Within the records below is a range that opens at the line with "この後期型陸軍タイプの特徴と" and closes at the line with "Ebenfalls mit übernommen". Return that range word for word, both ends included, and only that range.

◆ EXCERPTED DATA ◆

# # # # # # #

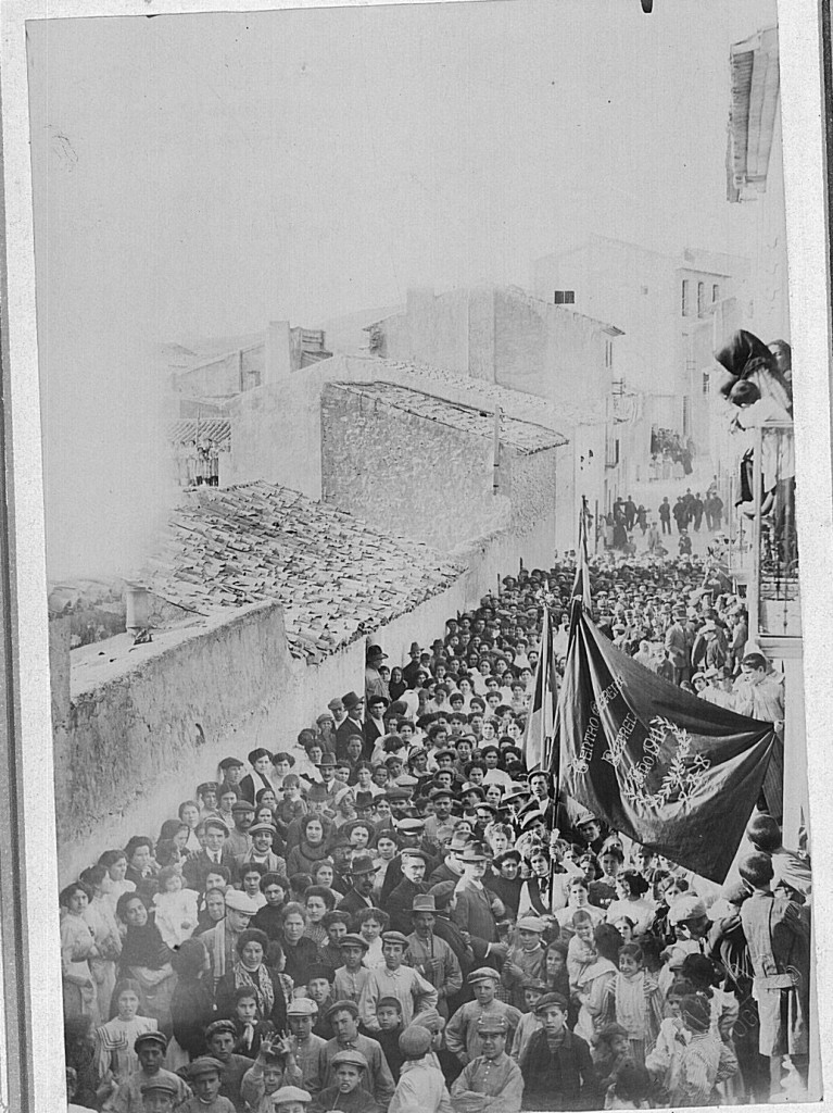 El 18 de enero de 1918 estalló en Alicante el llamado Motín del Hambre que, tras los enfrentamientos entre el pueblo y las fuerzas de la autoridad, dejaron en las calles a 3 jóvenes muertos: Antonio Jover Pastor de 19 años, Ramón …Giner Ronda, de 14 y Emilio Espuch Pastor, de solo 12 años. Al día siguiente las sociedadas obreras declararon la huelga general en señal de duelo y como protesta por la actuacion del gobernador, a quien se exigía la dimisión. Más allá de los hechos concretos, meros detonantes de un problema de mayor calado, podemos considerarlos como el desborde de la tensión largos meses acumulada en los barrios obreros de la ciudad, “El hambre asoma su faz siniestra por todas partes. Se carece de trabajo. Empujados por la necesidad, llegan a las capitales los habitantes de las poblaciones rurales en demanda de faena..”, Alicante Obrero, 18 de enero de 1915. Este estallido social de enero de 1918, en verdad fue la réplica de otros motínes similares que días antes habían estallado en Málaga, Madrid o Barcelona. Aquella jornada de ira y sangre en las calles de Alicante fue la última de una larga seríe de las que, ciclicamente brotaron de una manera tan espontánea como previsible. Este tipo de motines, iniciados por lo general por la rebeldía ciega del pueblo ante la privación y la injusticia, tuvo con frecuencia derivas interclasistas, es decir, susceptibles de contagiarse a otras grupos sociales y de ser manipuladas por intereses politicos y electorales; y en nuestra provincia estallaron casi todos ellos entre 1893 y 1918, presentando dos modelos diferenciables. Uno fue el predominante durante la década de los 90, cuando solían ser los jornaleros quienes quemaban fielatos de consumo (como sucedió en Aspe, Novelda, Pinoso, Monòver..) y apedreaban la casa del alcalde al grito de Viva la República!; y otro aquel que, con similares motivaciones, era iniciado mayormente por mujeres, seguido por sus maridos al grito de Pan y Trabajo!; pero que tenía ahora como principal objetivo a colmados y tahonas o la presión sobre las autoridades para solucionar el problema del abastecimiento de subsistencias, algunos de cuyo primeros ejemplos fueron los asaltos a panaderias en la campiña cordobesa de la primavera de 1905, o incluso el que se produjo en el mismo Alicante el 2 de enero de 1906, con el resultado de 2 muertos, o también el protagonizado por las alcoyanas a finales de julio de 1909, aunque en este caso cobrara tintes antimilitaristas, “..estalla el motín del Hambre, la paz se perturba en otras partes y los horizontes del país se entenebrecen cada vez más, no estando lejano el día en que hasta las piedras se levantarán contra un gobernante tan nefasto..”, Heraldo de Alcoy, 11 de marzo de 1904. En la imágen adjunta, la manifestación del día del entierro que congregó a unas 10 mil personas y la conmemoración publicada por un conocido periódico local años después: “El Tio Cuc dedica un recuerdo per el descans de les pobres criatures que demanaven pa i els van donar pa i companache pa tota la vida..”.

# # # # # # #

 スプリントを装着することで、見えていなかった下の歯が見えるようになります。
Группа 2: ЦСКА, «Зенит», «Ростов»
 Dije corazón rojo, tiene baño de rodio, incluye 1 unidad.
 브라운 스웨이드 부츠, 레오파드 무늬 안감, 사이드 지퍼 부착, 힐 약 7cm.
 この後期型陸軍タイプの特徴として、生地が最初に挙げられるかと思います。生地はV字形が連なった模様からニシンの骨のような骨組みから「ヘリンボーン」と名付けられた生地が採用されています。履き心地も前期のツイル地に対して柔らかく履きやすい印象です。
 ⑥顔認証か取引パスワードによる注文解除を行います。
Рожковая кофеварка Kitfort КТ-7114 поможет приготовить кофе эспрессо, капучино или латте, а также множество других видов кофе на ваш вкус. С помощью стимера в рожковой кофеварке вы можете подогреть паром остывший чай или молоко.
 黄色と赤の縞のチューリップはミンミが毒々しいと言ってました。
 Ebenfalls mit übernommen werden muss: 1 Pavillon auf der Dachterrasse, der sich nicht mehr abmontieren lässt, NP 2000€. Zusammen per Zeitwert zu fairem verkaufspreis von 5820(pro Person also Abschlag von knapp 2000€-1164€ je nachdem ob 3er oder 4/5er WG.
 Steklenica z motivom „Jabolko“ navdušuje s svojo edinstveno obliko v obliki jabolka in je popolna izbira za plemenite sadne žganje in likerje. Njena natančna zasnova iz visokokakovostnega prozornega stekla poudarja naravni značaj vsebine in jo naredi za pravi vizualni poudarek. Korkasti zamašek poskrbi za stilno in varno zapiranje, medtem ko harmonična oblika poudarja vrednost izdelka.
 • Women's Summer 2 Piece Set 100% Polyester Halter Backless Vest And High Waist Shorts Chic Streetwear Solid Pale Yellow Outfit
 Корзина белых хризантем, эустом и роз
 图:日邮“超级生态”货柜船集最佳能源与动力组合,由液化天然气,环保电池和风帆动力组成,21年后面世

# # # # # # #

◆ WRITTEN RESPONSE ◆
 この後期型陸軍タイプの特徴として、生地が最初に挙げられるかと思います。生地はV字形が連なった模様からニシンの骨のような骨組みから「ヘリンボーン」と名付けられた生地が採用されています。履き心地も前期のツイル地に対して柔らかく履きやすい印象です。
 ⑥顔認証か取引パスワードによる注文解除を行います。
Рожковая кофеварка Kitfort КТ-7114 поможет приготовить кофе эспрессо, капучино или латте, а также множество других видов кофе на ваш вкус. С помощью стимера в рожковой кофеварке вы можете подогреть паром остывший чай или молоко.
 黄色と赤の縞のチューリップはミンミが毒々しいと言ってました。
 Ebenfalls mit übernommen werden muss: 1 Pavillon auf der Dachterrasse, der sich nicht mehr abmontieren lässt, NP 2000€. Zusammen per Zeitwert zu fairem verkaufspreis von 5820(pro Person also Abschlag von knapp 2000€-1164€ je nachdem ob 3er oder 4/5er WG.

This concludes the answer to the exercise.